This function has two modes (map types), triggered by the `type` field in the input object. When specifying a mode, the input object must contain an object field named by that mode and contain the required fields. Otherwise, an error will be raised. The two modes are:

- `map_reads`: Map reads against the provided index or an index built from a previous step. The required fields are
    - ``reads1``: A string representing the path to a gene annotation GTF file,
    - ``reads2``: A string representing the path to a reference genome FASTA file.
- `existing_mappings`: Skip mapping and use the existing mapping results. The required fields are
    - ``map_dir``: A string representing the path to the mapping result directory,
    - ``t2g_map``: A string representing the path to a transcript-to-gene mapping file.

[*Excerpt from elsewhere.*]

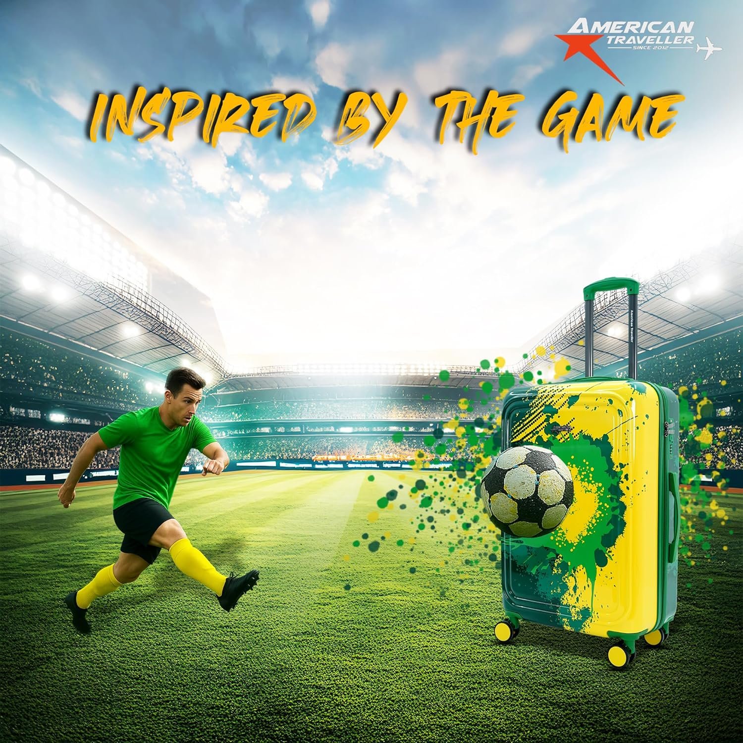 American Traveller TourisGlide Sport Luggage Trolley Bag Set of 3 (PC) Durable Hard Shell for Travel Suitcase with 360° Disk Wheels| TSA Type Lock| Heavy-Duty Lining| Football Splash (3, Green)

**Wrapper functions**: We also provide separate functions for each of the two modes, ``utils.map_reads`` and ``utils.existing_mappings``, which are thin wrappers of ``utils.map_type``. These two functions take an object containing their required fields introduced above.

**Example Usage** 

.. code-block:: jsonnet

    # import the utility library
    local utils=std.extVar("__utils");

    local simpleaf_index = {}; # The return of object of simpleaf_index function in its example usage 

    local map_reads_args = {
        reads1 : "reads1.fastq",
        reads2 : "reads2.fastq"
    };

    local map_type = utils.map_type({
        type : "map_reads",
        map_reads : map_reads_args
    });

    local map_reads = utils.map_reads(map_reads_args);

In the above example, the objects ``map_type`` and ``map_reads`` are identical and look like the following:

.. code-block:: jsonnet

    {   
        # hidden, system fields
        type :: "map_reads", # hidden field
        arguments :: {reads1 : "reads1.fastq", reads2 : "reads2.fastq"}, # hidden field
        
        # fields shown in the manifest
        "--index" : "./workflow_output/simpleaf_index/index",
        "--t2g-map": "./workflow_output/simpleaf_index/index/t2g_3col.tsv",
        "--reads1" : "reads1.fastq",
        "--reads2" : "reads2.fastq"
    } 


utils.cell_filt_type(o)
""""""""""""""""""""""""""""""""""""""""""""""

**Input**: 

- ``o``: an object with 
    - a ``type`` field, and 
    - an argument field with the name specified by the ``type`` field. Other fields will be ignored. For example, ``{"type": "explicit_pl", "explicit_pl": "whitelist.txt", "field_being_ignored": "ignore me"}``

**Output**: 

- An object with the `simpleaf quant` arguments that are related to the specified cell filtering type in the input object.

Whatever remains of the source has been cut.